Task description:
Retype exactly the span of lines below from the one with "It’s a bit trickier" through the one with "2、选择【密码登录】方式,输". Do not include pictures.

Exercise inputs:

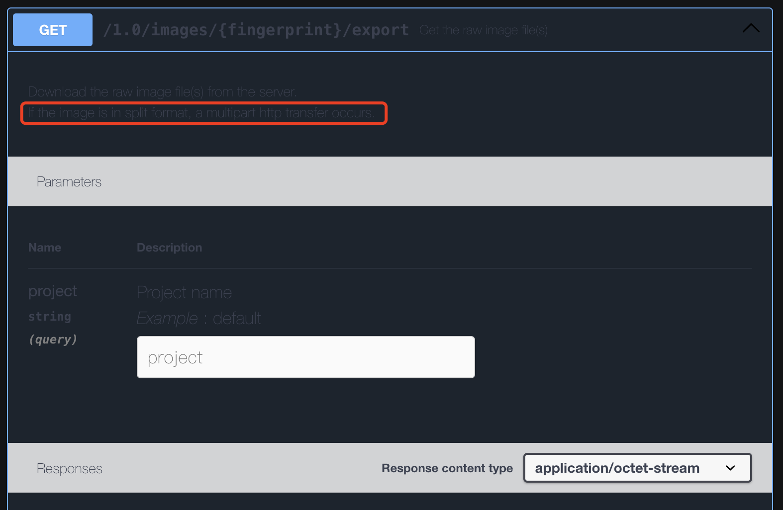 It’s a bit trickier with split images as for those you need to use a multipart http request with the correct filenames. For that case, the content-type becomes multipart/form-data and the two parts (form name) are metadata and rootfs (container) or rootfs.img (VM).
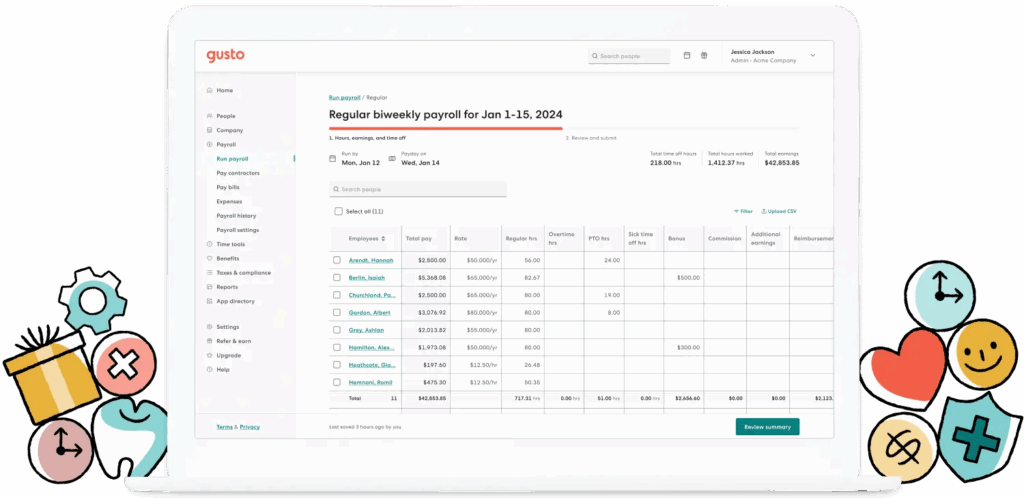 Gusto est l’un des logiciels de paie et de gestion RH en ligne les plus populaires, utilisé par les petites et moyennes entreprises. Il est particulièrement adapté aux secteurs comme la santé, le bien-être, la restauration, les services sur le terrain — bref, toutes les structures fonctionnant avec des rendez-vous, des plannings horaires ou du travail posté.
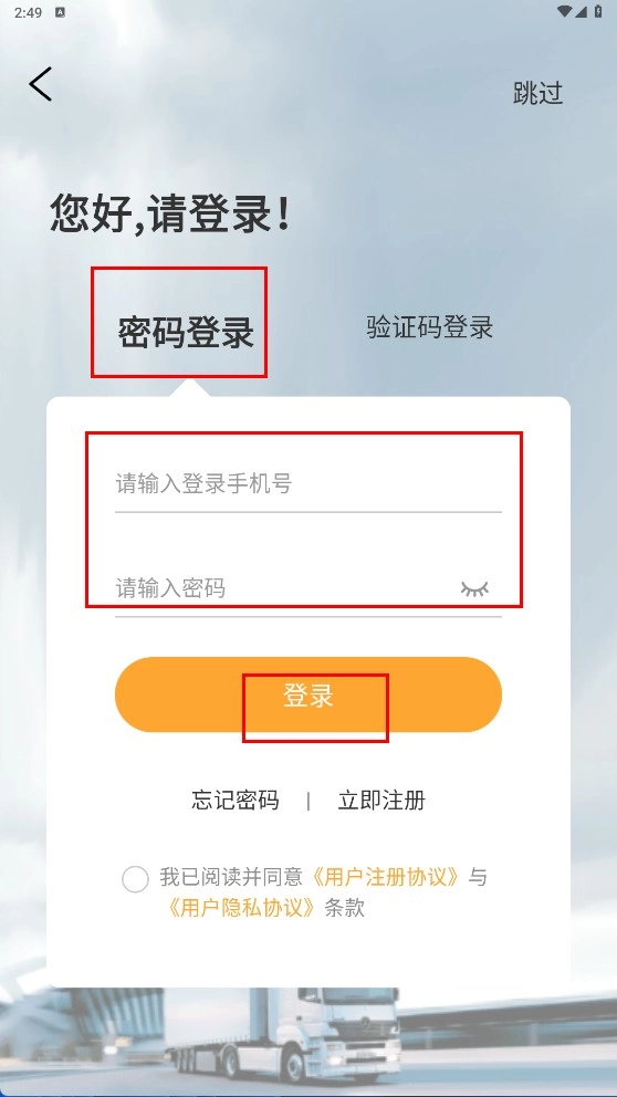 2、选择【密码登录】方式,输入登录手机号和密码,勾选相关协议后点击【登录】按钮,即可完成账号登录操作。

--

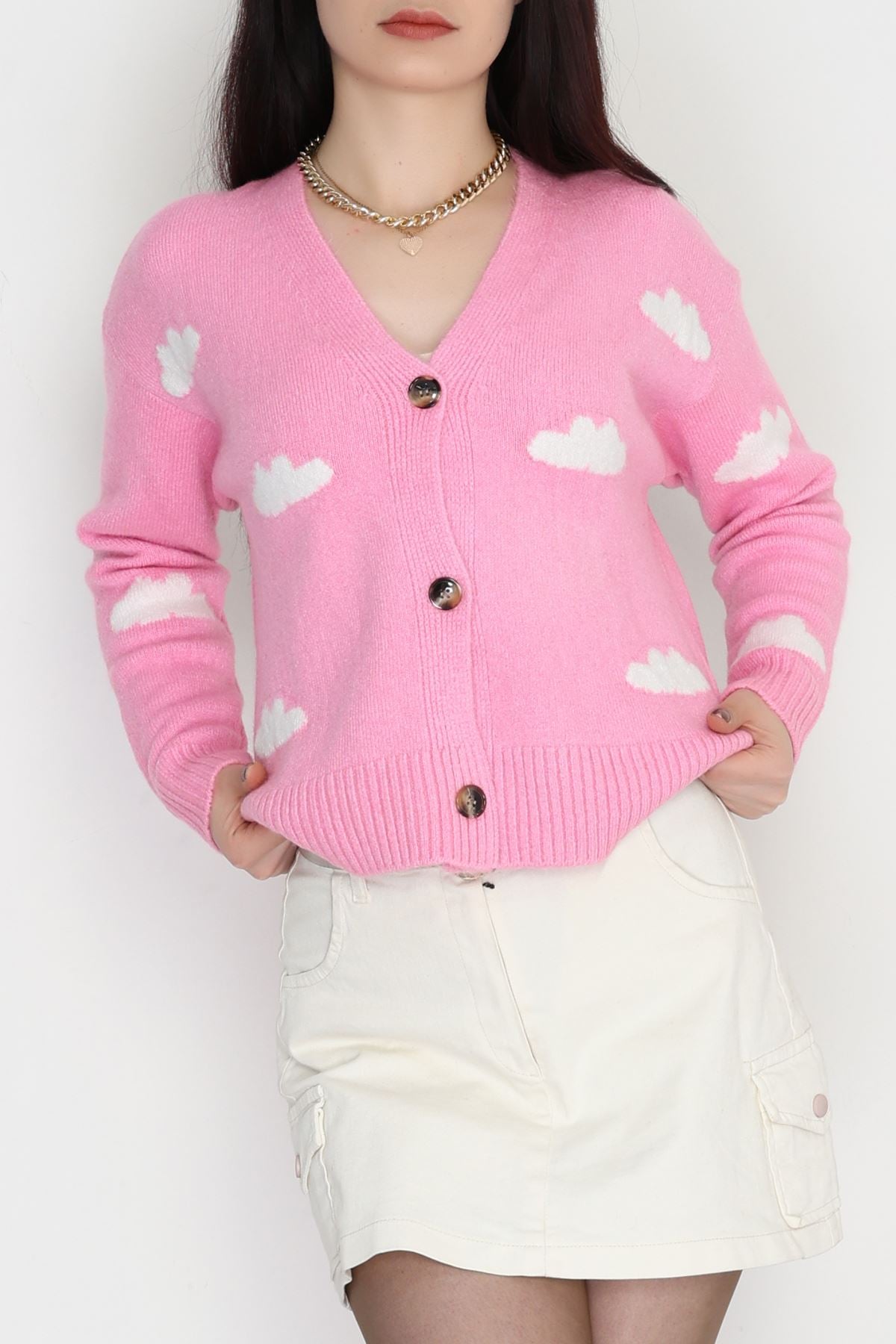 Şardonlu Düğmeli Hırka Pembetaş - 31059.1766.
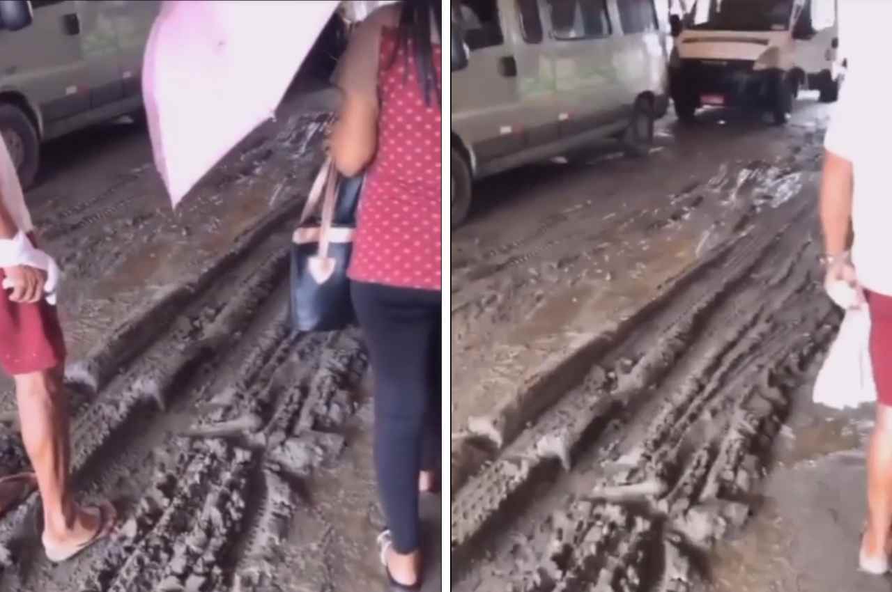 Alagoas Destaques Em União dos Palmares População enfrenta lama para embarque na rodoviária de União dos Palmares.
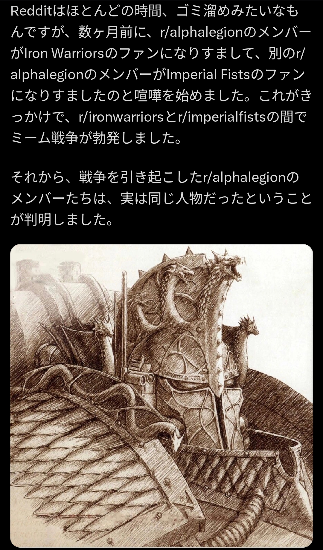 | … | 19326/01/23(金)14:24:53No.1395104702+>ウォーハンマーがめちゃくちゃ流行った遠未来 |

Answer to this problem:
 It’s a bit trickier with split images as for those you need to use a multipart http request with the correct filenames. For that case, the content-type becomes multipart/form-data and the two parts (form name) are metadata and rootfs (container) or rootfs.img (VM).
 Gusto est l’un des logiciels de paie et de gestion RH en ligne les plus populaires, utilisé par les petites et moyennes entreprises. Il est particulièrement adapté aux secteurs comme la santé, le bien-être, la restauration, les services sur le terrain — bref, toutes les structures fonctionnant avec des rendez-vous, des plannings horaires ou du travail posté.
 2、选择【密码登录】方式,输入登录手机号和密码,勾选相关协议后点击【登录】按钮,即可完成账号登录操作。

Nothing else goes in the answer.